‘TANIKLARIN İFADESİNİ TUTANAKLARDAN ÇIKARIYORLAR'
"Ortada bir gerçek var: Bir mahkûmiyet kararını mahkeme onaylıyor. O onaylaması esnasında olan şu: Sıra beklerken öne alınarak bir an önce karar veriliyor ve temyiz mahkemesine gidemeyecek şekilde kara veriliyor hükmün açıklanması ertelenemiyor. AİHM'nin verdiği kararın da bir anlamı kalmıyor. Oradan karar verilse buradan mahkûm edildiği için cezaevinde kalmaya devam edecek.
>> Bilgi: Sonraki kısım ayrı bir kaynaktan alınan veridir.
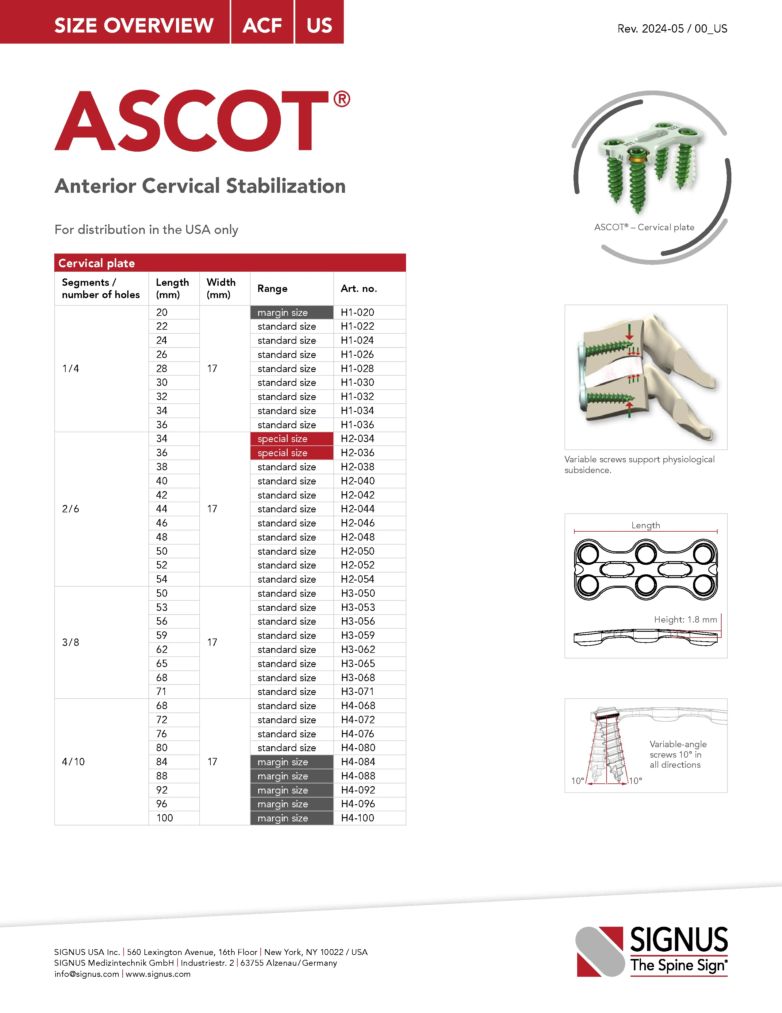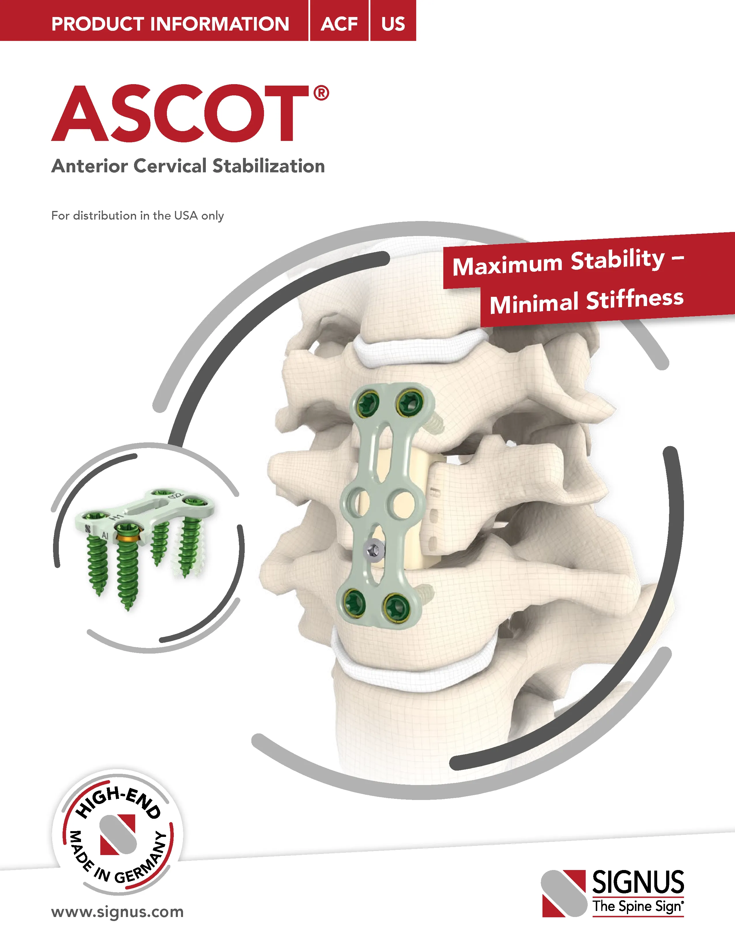The ASCOT anterior cervical plate by Signus is made of biocompatible titanium alloy and designed for ventral stabilization of the cervical spine. The plate is low profile at 1.8 mm thick, has a pre-lordosed semi-rigid design with large angle variability, and has an efficient single step integrated locking mechanism. Screws are available in self-drilling, self-tapping, and variable- and fixed-angle options. Additionally, graft screws and connector screws can be inserted through the plate to attach to bone graft or interbody/VBR implant to ensure a secure construct.

Bu bir düşünce suçuyla alakalı bir dava. Gözünüzün önüne şöyle bir sahne getirin: Mahkeme salonu: Savunmanın etrafını polis sarmış. Sanık avukatlarının etrafı güvenlik güçleriyle çevrili. Savcı istediği gibi dolaşıyor, yargıç da aynı şekilde. Savcı iddiasını getirecek sanık avukatları savunmasını yapacak. Avukat vekille konuşacak güvenlik güçleri konuşamazsın diyor. Salona girip baktığınızda adalet beklediğiniz yeri görüyorsunuz. O sanığın her ne şekilde olursa olsun mahkûm olmasını isteyenler için bir adalet çıkar oradan.
Burada bile bir hukukçu olarak beni çok rencide eden taraflardan biri, tutuklamada eşitlik ister hale geldik. Suçu işlemeyi engellemek için tutukluyorsanız sorun yok derken birden kendimi bıçaklayanı serbest bıraktı ama düşüncesini söyleyeni tutukladı gibi şeyler konuşur buldum. Serbest bırakıldığı zaman öyle bir kanaat oluştu ki tutuklamıyorsa ceza çıkmıyordur deniyor. Düşman olanlar tutuklanıyor deniyor. Siyasi olarak istenmeyen kişi olmazsam suç işleyince tutuklanmam inancı ortaya çıkıyor. Benim sözlerim hukuktan istifa ediyorum şeklinde. Olmadığını söylediğimiz bir şey üstüne konuşmak anlamsız geliyor. Hukuk olmayan kurallar dizisi arasında dolaşmak değil. Bunun bir sistematiği var. Mevcut olanlar bize bunu göstermiyor."